I will follow the second set of instructions setting up a veth pair. The first set I almost bricked my router lol.....

EDIT:
When layer_cake is enabled on pppoe-wan egress, eth0.1(lan) ingress my bufferbloat on both links stays under 10

When I:
add veth1 to br-lan
layer_cake egress veth0, layer_cake ingress veth1
apply these rules

iptables -A FORWARD -i eth1.2 -o veth0 -j ACCEPT
iptables -A FORWARD -s -i eth1.2 -d br-lan -o veth0 -j ACCEPT

my bufferbloat stays above 25 for download
my bufferbloat stays at 15 for upload

Have I done the setup correctly?

dlakelan · May 26, 2019, 10:47pm

those iptables rules bypass your firewall entirely, get rid of them. what you need is changes to the routing table, not iptables

warchief · May 26, 2019, 11:02pm

Ok to set up veth pair I do not use any iptables rules.

I will be putting the script to change the openwrt routingtable in network >firewall>custom scripts correct? Forgive me, but I do not know how to construct this script. Would you provide a step by step guide through this process for OpenWrt?

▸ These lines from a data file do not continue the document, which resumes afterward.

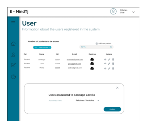
Figure 4. Patient-family relationship

Figure 4 shows the patient's relative or caregiver assignment information. This section allows us to associate family members to a given patient or vice versa. The window shows the users who are already associated to the patient and allows us to associate other family members who are not.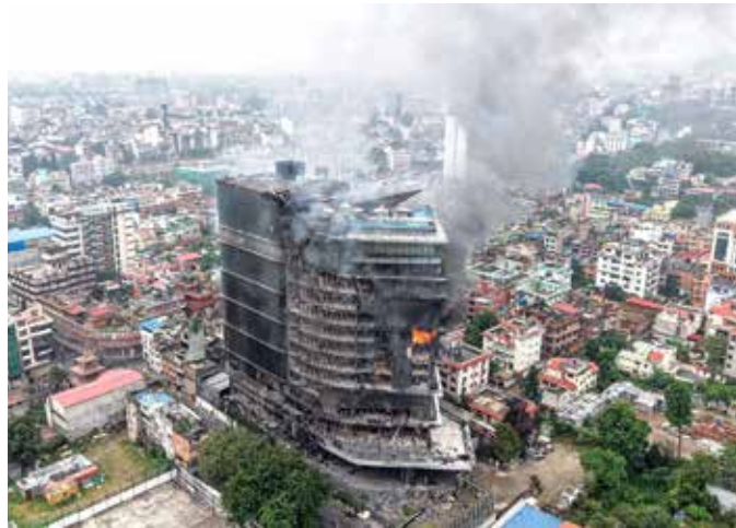
Smoke billows from the burning Hilton Hotels, a day after it was set ablaze by protesters in Kathmandu

Sri Lanka votes to eject former leader Rajapaksa from state mansion ♦ Sri Lanka’s parliament voted yesterday to evict former president Mahinda Rajapaksa and two others from state-owned mansions under austerity measures introduced by the new leftist government. President Anura Kumara Dissanayake’s party voted en masse to endorse a bill that will repeal a 1986 law that granted former heads of state their privileges did not violate the Constitution. Only one opposition MP voted against the bill, which was passed with a two-thirds majority of 150 in the 225-member assembly. The bill was cleared a day after the Supreme Court ruled that stripping former heads of state of their privileges did not violate the Constitution.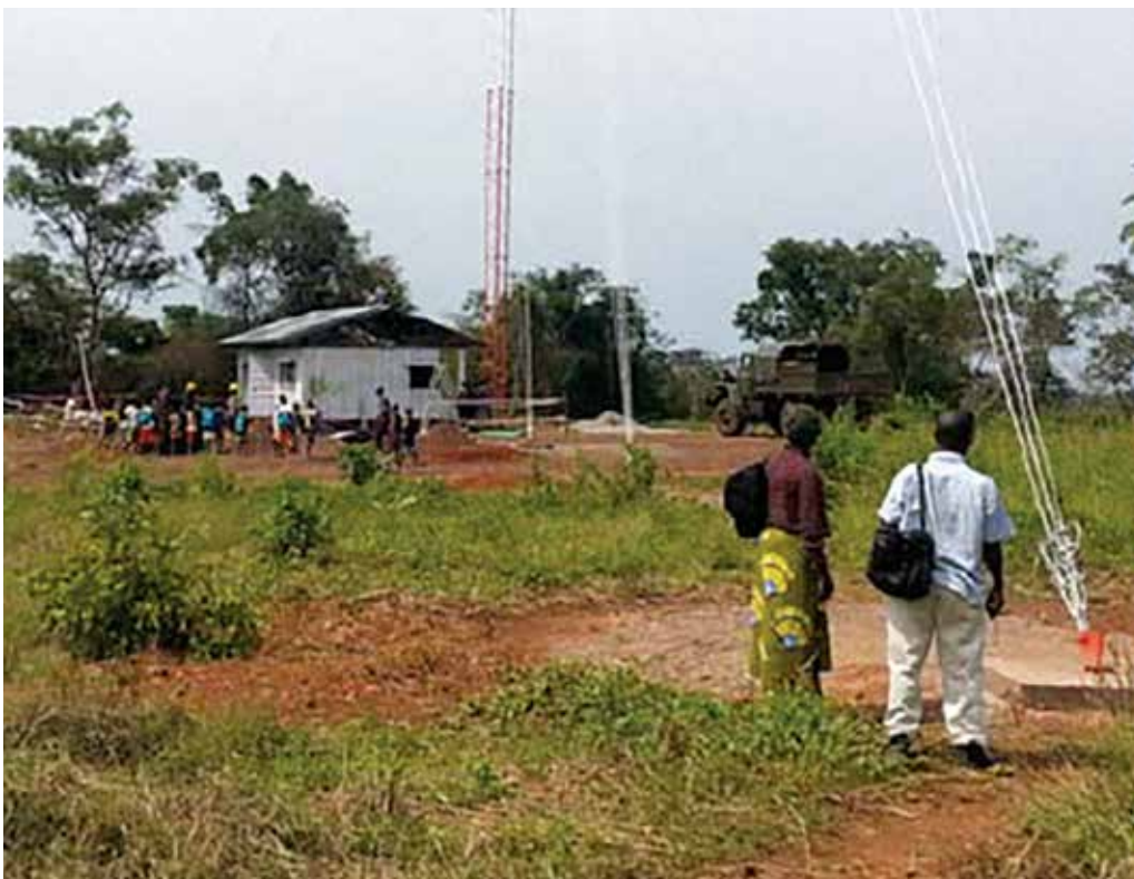
A view of the radio station and antenna in Djema months after installation.

warchief · May 28, 2019, 9:07am

I managed to figure out how to follow these steps in OpenWrt.
I created veth-pair.
I created interface prewan and set protocol: unmanaged, cover the following interface: veth0
I bridged prewan(veth0) and Switch VLAN "eth0.1" (lan)
I set WAN(pppoe-wan) interface physical settings: veth1

With the first set of instructions this is not functional for me. My pppoe will not connect.

With the second set of instructions I am not successful setting this bit properly in OpenWrt Network>Firewall>Firewall - Zone Settings.

hisham2630:

WANIF="pppoe-wan" #wan interface

tc qdisc add dev wlan0 root mq #enable multi queue on wlan0 #setup multi queue for wifi device

## set up a pair of veth devices to handle inbound and outbound traffic
ip link show | grep veth0 || ip link add type veth

## get new veth interfaces up
ip link set veth0 up ip link set veth1 up

## trun on promisc mode,sometimes it's needed to make bridge work
ip link set veth1 promisc on

## add veth1 to bridge
brctl addif br-lan veth1

## just to make sure there's nothing inside those 2 tables
ip rule del priority 100 ip route flush table 100

##ipset for streming sites.they are bening filled by dnsmasq
ipset create vidstream hash:ip
ipset create usrcdn hash:ip
ipset create bulk hash:ip
ipset create latsens hash:ip

## flush mangle table
$IPT -t mangle -F PREROUTING

## add routing for veth0 this will handle all slow traffic
ip route add default dev veth0 table 100 ip rule add iif $WANIF table 100 priority 100

I also attempted to edit this script to work with my OpenWrt and I am not able successfully sqm.

dlakelan · May 28, 2019, 10:32am

the prewan idea requires namespaces and they are not included in openwrt kernels afaik. it works on Debian for example.